Veritas lancia Enterprise Data Services per ridurre la complessità IT

A poco più di un anno dalla sua nomina, ZeroUno ha incontrato il country manager di Veritas Technologies Fabio Pascali per un confronto su quest’anno di attività e sugli ultimi annunci rilasciati dall’azienda specializzata in soluzioni di data management e storage management

05 Lug 2019

di Patrizia Fabbri

“È stato un anno intenso dove ho imparato a conoscere a fondo una realtà che ho subito trovato molto interessante, con una grande propensione alla ricerca e sviluppo e una forte attenzione alle esigenze dei clienti per semplificare il mondo della gestione dei dati”, è il primo commento di Fabio Pascali, country manager di Veritas Technologies che ZeroUno ha incontrato per un confronto a un anno dalla sua nomina e per approfondire gli ultimi annunci.

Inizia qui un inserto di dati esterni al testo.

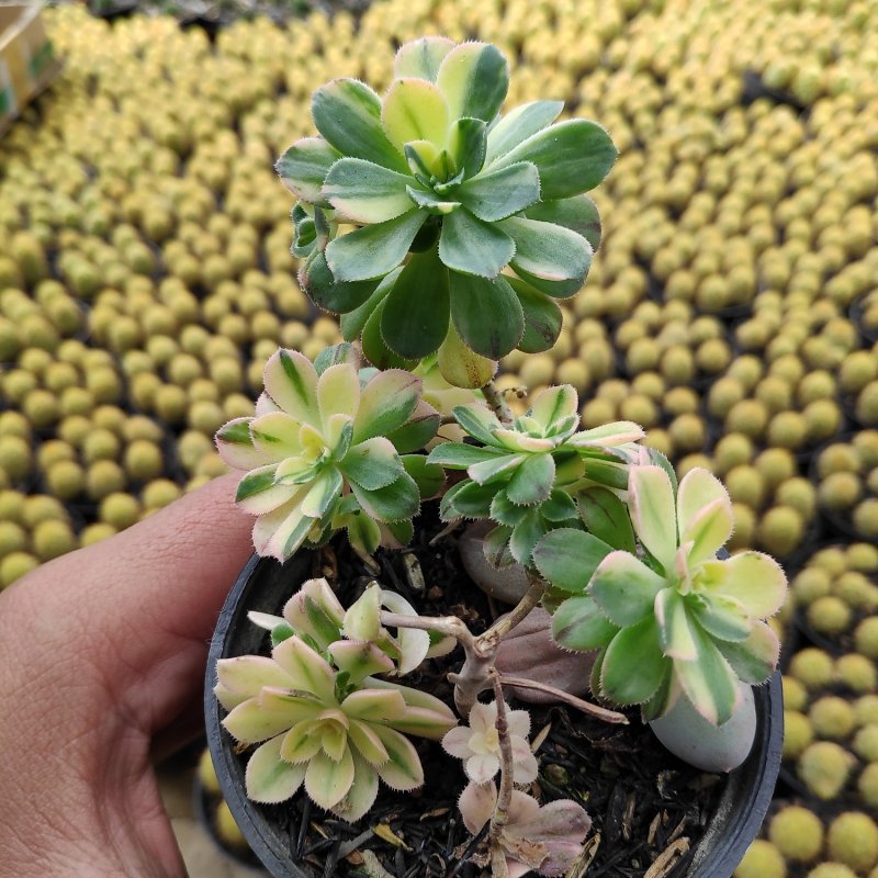 Своими силами подготовленный состав почвы окажется наилучшим вариантом в отношении корневой системы аихризона. В этих целях применяют одинаковые пропорции дерновой и торфяной земли, крупного песка и не мелкого гравия или керамзита. Последний выступает в виде дренажа. Фрагменты березового угля окажутся успешным дополнением.

Pascali specifica poi come Veritas sia presente in quasi tutti i mercati, dal finance alle telco, al manufacturing, alla PA ecc. e si rivolga a un target dimensionale che va dalle medie alle grandi imprese: “In alcuni casi le soluzioni sono le stesse che, in quanto scalabili, possono essere utilizzate in base alle esigenze specifiche dell’azienda, in altri abbiamo soluzioni mirate per le realtà più piccole”.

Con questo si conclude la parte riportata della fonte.